Under the Hood of Microsoft Cowork

Seven Patterns Anthropic Just Showed Us

Apr 21, 2026

For the first time, we can read the source code of the layer Microsoft Cowork runs on.

Anthropic has unbundled the agentic AI stack into three licensable layers: the model, the harness, and the application. Microsoft has licensed the middle two. Until three weeks ago, the harness was a black box. Now it isn’t. Here is what 512,000 lines of TypeScript tell us about where Microsoft Cowork is going, and why the architectural pattern language matters more than the model choice.

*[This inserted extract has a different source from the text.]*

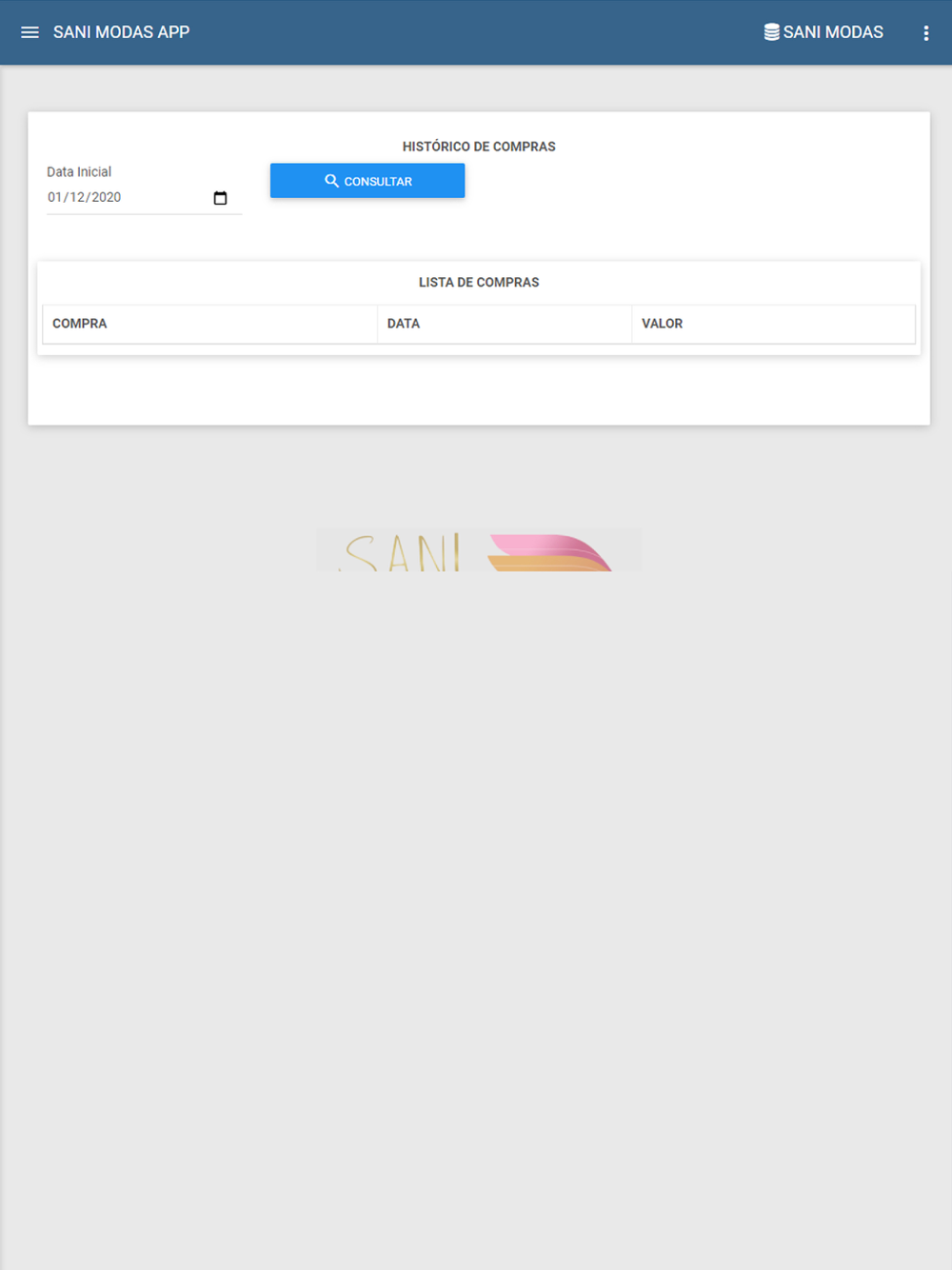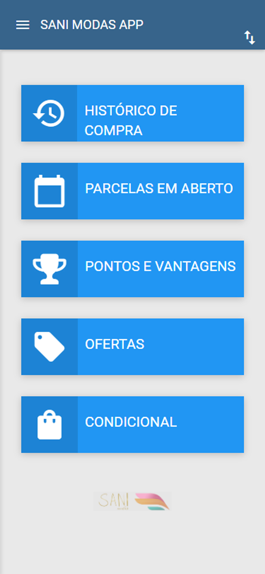 É um aplicativo da empresa Sani Modas para relacionamento com seus clientes. Através do aplicativo os usuário podem consultar as ofertas disponíveis, solicitar levantamento de preços, consultar histórico de compras, consultar situação dos condicionais, consultar pontos de fidelidade e consultar parcelas em aberto.
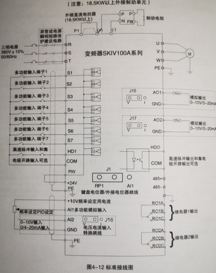 4、拆卸完前蓋板后,進行主電路接線,其中R、S、T是電源進線,U、V、W是出線,接電動機,注憊為保證電氣安全,必須進行可靠接地。

View all my published articles

The Three-Layer Stack

Most coverage of modern agentic AI still treats the model as the product. That framing is a year out of date. Look at how the serious labs ship agentic AI in 2026 and you see three distinct layers, each licensable on its own terms.

The bottom layer is the model. Claude Opus 4.7, GPT-5.2, Gemini 3 Ultra. This is the part every analyst benchmarks and every procurement team interrogates. It is also the part where the differentiation gap is narrowing fastest.

The middle layer is the harness. This is the agentic runtime that wraps the model. It is the while-loop over tool calls, the context compaction pipeline, the permission gates, the memory system, the sub-agent orchestrator, the MCP integration layer. Anthropic’s version of this middle layer is exposed to customers as the Claude Agent SDK. Until March 31, most people outside of Anthropic had no real sense of how deeply engineered this layer actually is.

The top layer is the application. Claude Code for developers, Claude Cowork for knowledge workers, and now Microsoft’s own Copilot Cowork built on licensed Anthropic primitives. The application layer is where the brand and the workflow context live.

Microsoft has done something interesting with this stack. They are buying the bottom two layers from Anthropic (as a subprocessor, with all the compliance plumbing that implies) and building the top layer themselves inside the Microsoft 365 trust boundary. In Microsoft’s own words, they have integrated “the technology behind Claude Cowork” into Copilot Cowork. That is product marketing language for “we licensed Anthropic’s model and SDK and wrote our own orchestrator on top.”

The Claude Code source, now public whether Anthropic likes it or not, gives us our first real look at what that middle layer actually contains. Not the sanitized developer docs. The production code.

Why the Middle Tier Is the Interesting One

Here is the punchline from the analysis of the leaked codebase: the agentic loop itself is about twenty lines of code. It is a while-loop over tool calls, with message history as the core data structure. That is not where the engineering lives.

The engineering lives in everything wrapped around that loop. Context management. Permission systems. Memory compaction. Tool schemas. Error recovery. Sub-agent orchestration. All told, roughly 512,000 lines of TypeScript across 1,906 files, just to make a language model behave reliably inside a bounded environment for longer than five minutes.

If you are a technical leader evaluating agentic AI for your enterprise, this is the insight that should change how you think about the procurement decision. Model choice is becoming commodity. Harness choice is not. The harness determines whether your agents can run for hours without context rot, whether they can safely execute privileged operations without a human in the loop, whether they can remember what they learned last week, and whether they leave an audit trail your compliance team will accept.

Here is what the source tells us the production-grade harness actually does.

Seven Patterns That Define the Middle Tier

1. Memory as hint, not truth

The source reveals a three-tier memory architecture that deliberately rejects the RAG-everything approach most enterprise agents ship with today. At the core is a file called MEMORY.md, a lightweight index of pointers, roughly 150 characters per line, perpetually loaded into every prompt. This index does not store data. It stores locations.

Actual project knowledge lives in separate topic files fetched on demand. Raw transcripts are never fully reloaded into context; they are grep’d for specific identifiers. Critically, the agent is instructed to treat its own memory as a hint, not as ground truth. It must re-verify any cached fact against the primary source before acting on it.

If you come from clinical informatics, this pattern will feel immediately familiar. It matches how experienced clinicians actually reason: cached knowledge is always provisional until reconfirmed against the patient in front of you. For any compliance-sensitive deployment, the memory-as-hint pattern is the correct starting point. The alternative, which most enterprise agents still ship, is a confident agent with stale assumptions. That is not a posture you want inside a regulated workflow.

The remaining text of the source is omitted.